Later David O'Halleran, who was in Highpoint prison with Piggott, told us that Lester would cheat at cards to win tobacco which he didn't even smoke. When he was caught he would just laugh, totally unembarrassed.

But, once again, there is another, undiscovered side to Piggott: a generous man whom few have ever met. Clive Brittain said that because Piggott was so successful, he would get "every hard case story coming up. 'Can you lend me a fiver?' So Lester made sure he had very deep pockets and never took his hands out."

Then Brittain told us how Piggott gave him a brand new suit, for no reason other than that Brittain didn't own a suit at the time and with the only proviso that he kept quiet about its origins.

Willie Carson had another insight: "If any jockey would get hurt, he'd be one of the first people on the telephone just to make sure they'd be all right, or the wife's all right ... he wouldn't be the sort to put a tenner in an envelope and sending it along but if you asked him for it, no doubt you'd get it. If you were in dire need, he'd give. I'm sure of that."

Piggott was jailed for tax evasion in 1987. He was sentenced to three years and served one. Many in racing thought he was made a scapegoat for an industry that likes to deal in undeclared cash.
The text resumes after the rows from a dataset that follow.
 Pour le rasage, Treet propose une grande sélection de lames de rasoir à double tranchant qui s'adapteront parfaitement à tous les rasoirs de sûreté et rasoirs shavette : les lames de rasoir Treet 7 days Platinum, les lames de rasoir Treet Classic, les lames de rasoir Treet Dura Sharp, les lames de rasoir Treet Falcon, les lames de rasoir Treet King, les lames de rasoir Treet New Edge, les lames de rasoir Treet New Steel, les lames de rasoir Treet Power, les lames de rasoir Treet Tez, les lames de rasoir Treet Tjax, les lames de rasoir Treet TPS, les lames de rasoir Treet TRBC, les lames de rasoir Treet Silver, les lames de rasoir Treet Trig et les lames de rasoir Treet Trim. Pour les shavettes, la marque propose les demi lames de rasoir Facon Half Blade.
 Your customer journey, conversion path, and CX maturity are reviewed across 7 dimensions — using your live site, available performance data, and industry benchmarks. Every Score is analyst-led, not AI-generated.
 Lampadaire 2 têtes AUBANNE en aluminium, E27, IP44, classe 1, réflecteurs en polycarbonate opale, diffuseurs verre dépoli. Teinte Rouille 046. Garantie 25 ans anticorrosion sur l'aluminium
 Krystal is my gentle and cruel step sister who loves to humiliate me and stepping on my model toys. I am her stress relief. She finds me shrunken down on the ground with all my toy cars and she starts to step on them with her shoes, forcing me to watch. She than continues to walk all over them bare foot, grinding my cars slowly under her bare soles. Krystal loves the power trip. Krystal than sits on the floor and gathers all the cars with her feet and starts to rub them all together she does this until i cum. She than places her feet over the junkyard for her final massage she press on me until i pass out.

In truth he was jailed for his own stupidity.

The most striking facet of Piggott's character is an arrogance that he can control everything and anything. Money, women, owners, trainers, jockeys. When it came to HM Customs & Excise, however, he found there were stronger forces in the world than even his own iron will. When they agreed to settle with him he wrote them a cheque. On a bank account he had not declared.
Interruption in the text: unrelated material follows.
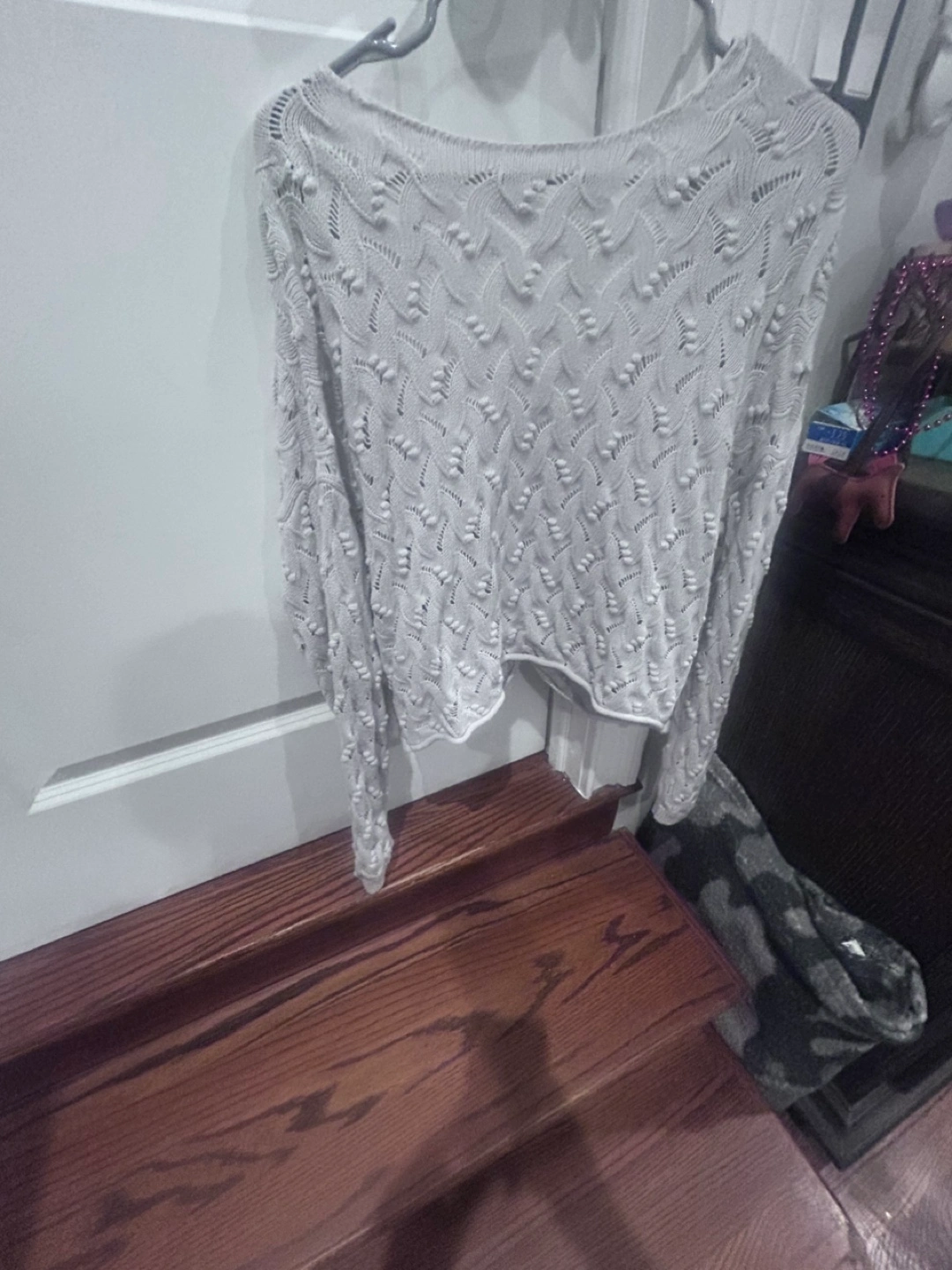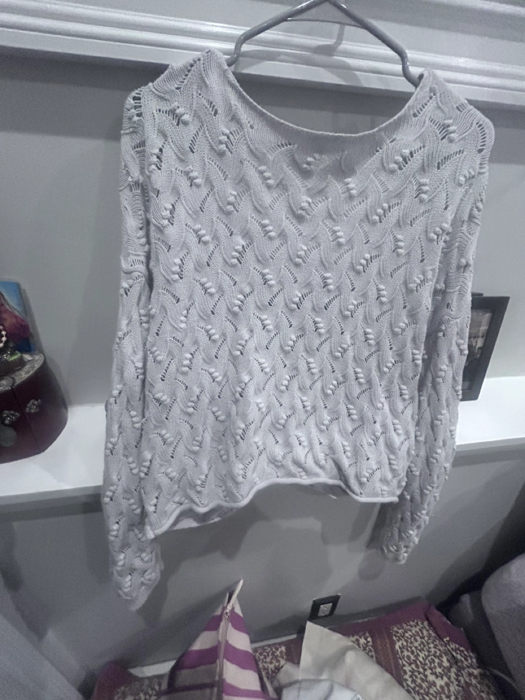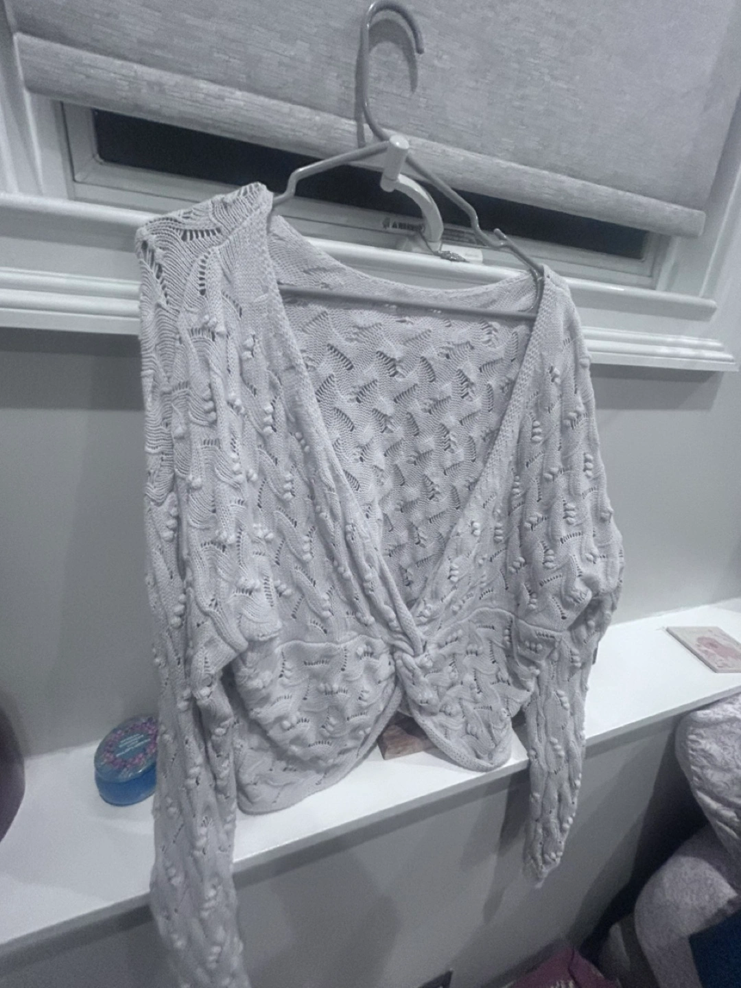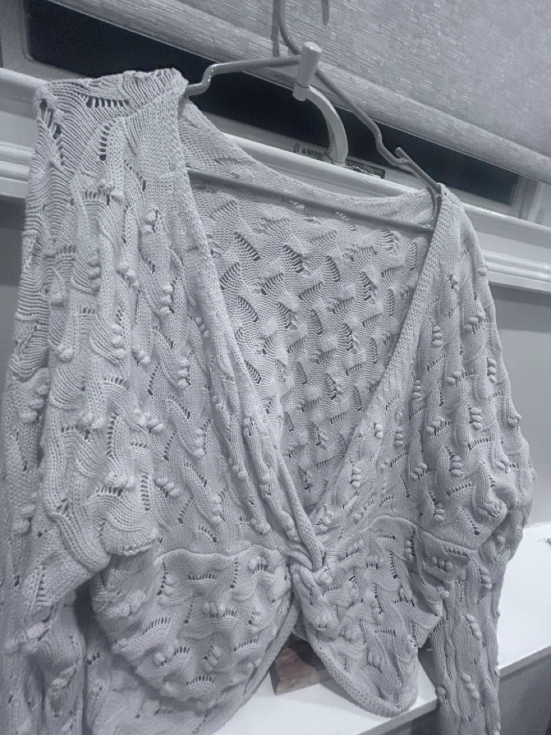 Light Grey, long-sleeved, cropped sweater. Intricate knit pattern. Open back with Twist detail !!Lightweight material.

Piggott adjusted to jail with ease - the strict regimen he had imposed on himself, encouraged by his father, coming to the fore. According to David O'Halleran he was popular with fellow inmates. He would give them winning tips while supplying prison guards with loser after loser.

There was little sign that prison changed anything in Piggott. When he came out, he made a successful comeback as a jockey, displaying all his old skills in winning another Classic and one of the richest races in the world, the Breeders Cup mile in New York. He took a mistress, Anna Ludlow, and had a son, Jamie, with her though he still lives with Susan. He sold the pictures of his child to a newspaper for thousands of pounds, and he paid the Revenue a further pounds 3.5m in back taxes. He goes to all the parties, sometimes with his mistress, sometimes with his wife, sometimes alone. But he cuts a lonely figure.

Willie Carson says: "We all feel a bit sorry for him now because he can't play his game now, that he's retired and not riding. He's lost without his game. That's why we feel sorry for him. Because deep down we all love him for what he did for horse racing. He was great for horse racing."

Lester Piggott may not be the player he once was but he certainly hasn't forgotten the rules. When we first approached him to appear in Secret Lives, he declined. Then he wrote asking for a "substantial sum" of money.

'Secret Lives: Lester Piggott' is at 9pm on 10 December, Channel 4.